Provides functionality to fix invalid dataset parts.

static remove_empty_wavs(dataset_to_fix)¶: Delete all files that have no content.

static remove_files_missing(dataset_to_fix)¶: Delete all files references, where the referenced wav file doesn’t exist.

static remove_files_with_wrong_format(dataset_to_fix, expected_format=<spych.audio.format.AudioFileFormat object>)¶: Delete all wav files with the wrong format (Sampling rate, sample width, …).

static remove_utterances_with_missing_file(dataset_to_fix)¶: Remove all utterances where the referenced file doesn’t exist.

Iteration¶

class spych.data.dataset.BatchGenerator(datasets)¶

Class that provides functions to generate batches from a single or multiple datasets. If multiple datasets only utterances are considered, that exist in all of the given datasets.

batches_with_features(feature_name, batch_size, feature_pipeline=None)¶

Return a generator which yields batches. One batch contains concatenated features from batch_size utterances.

Parameters:	feature_name – Name of the feature container in the dataset to use. batch_size – Number of utterances in one batch feature_pipeline – If not None processes the features with the pipeline.
Returns:	generator

batches_with_spliced_features(feature_name, batch_size, splice_sizes=0, splice_step=1, repeat_border_frames=True)¶

Return a generator which yields batches. One batch contains the concatenated features of batch_size utterances. Yields list with length equal to the number of datasets in this generator. The list contains ndarrays with the concatenated features.

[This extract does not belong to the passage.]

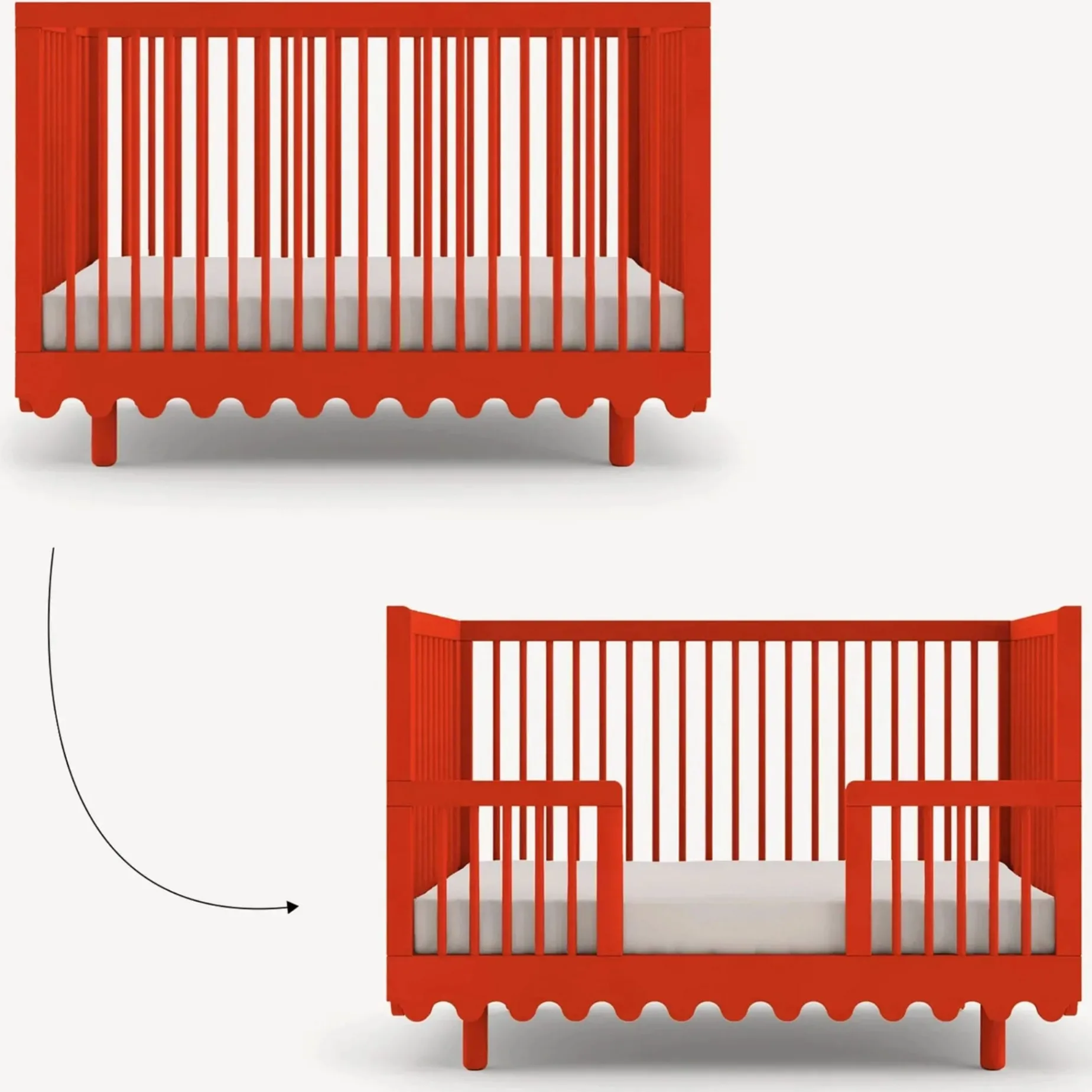 Converts back to Moss Crib simply by replacing a crib side panel

Parameters:	feature_name – Name of the feature container in the dataset to use. batch_size – Number of utterances in one batch splice_sizes – Appends x previous and next features to the sample. (e.g. if splice_size is 4 the sample contains 9 features in total).

If a list of ints is given the different splice-sizes for the different datasets are used. :param splice_step: Number of features to move forward for the next sample. :param repeat_border_frames: If True repeat the first and last frame for splicing. Otherwise pad with zeroes. :returns: generator

batches_with_utterance_idx_and_features(feature_name, batch_size, feature_pipeline=None)¶

Return a generator which yields batches. One batch contains features from batch_size utterances. Yields a list of lists. Every sublist contains first the utterance id and following the feature arrays (ndarray) of all datasets.

e.g. If there are two source datasets:

[: [utt_id, dataset_1_feature, dataset_2_feature], [utt_id2, dataset_1_feature2, dataset_2_feature2], …

]

Parameters:	feature_name – Name of the feature container in the dataset to use. batch_size – Number of utterances in one batch feature_pipeline – If not None processes the features with the pipeline.
Returns:	generator

batches_with_utterance_idxs(batch_size)¶: Return a generator which yields batches. One batch is a list of utterance-ids of size batch-size.